Exercise details ->
Your job with the data below is to output exactly the lines from the one holding "An excuse to" down to the one holding "Prov. | Comu. |", both included, and no others.

Records for the exercise ->
□ □ □ □ □ □ □

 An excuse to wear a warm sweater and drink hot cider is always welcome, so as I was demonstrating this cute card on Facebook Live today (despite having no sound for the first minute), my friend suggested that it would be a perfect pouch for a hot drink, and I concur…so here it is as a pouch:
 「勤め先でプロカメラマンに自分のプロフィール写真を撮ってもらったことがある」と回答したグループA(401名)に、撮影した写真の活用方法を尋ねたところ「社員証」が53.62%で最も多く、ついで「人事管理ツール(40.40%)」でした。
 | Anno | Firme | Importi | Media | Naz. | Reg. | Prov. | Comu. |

□ □ □ □ □ □ □

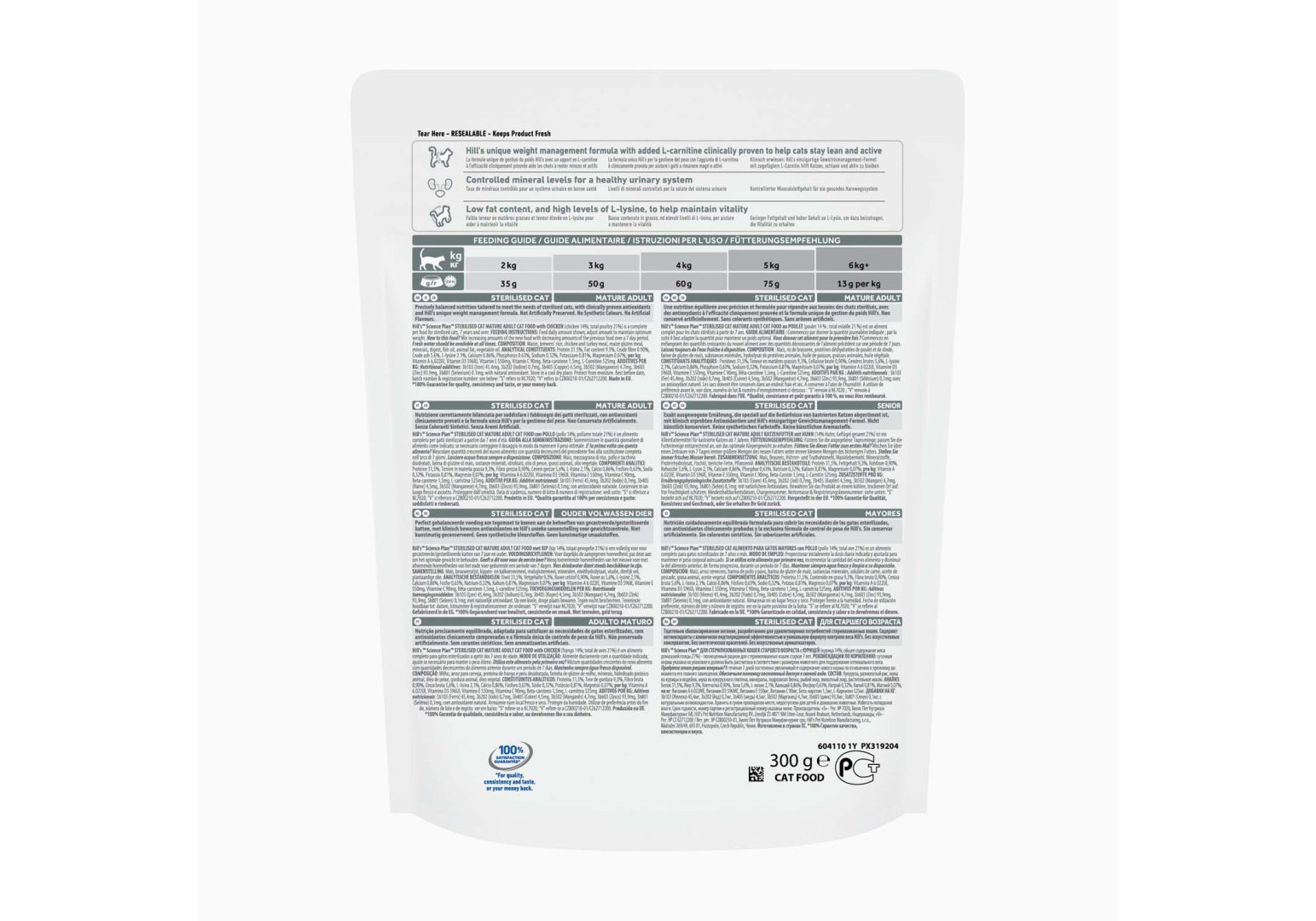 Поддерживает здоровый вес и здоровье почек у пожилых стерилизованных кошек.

□ □ □ □ □ □ □

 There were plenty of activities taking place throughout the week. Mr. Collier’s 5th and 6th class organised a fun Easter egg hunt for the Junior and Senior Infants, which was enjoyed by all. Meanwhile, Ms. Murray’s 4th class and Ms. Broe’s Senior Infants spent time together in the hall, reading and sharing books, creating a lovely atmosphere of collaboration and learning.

□ □ □ □ □ □ □

Answer to this problem ->
 An excuse to wear a warm sweater and drink hot cider is always welcome, so as I was demonstrating this cute card on Facebook Live today (despite having no sound for the first minute), my friend suggested that it would be a perfect pouch for a hot drink, and I concur…so here it is as a pouch:
 「勤め先でプロカメラマンに自分のプロフィール写真を撮ってもらったことがある」と回答したグループA(401名)に、撮影した写真の活用方法を尋ねたところ「社員証」が53.62%で最も多く、ついで「人事管理ツール(40.40%)」でした。
 | Anno | Firme | Importi | Media | Naz. | Reg. | Prov. | Comu. |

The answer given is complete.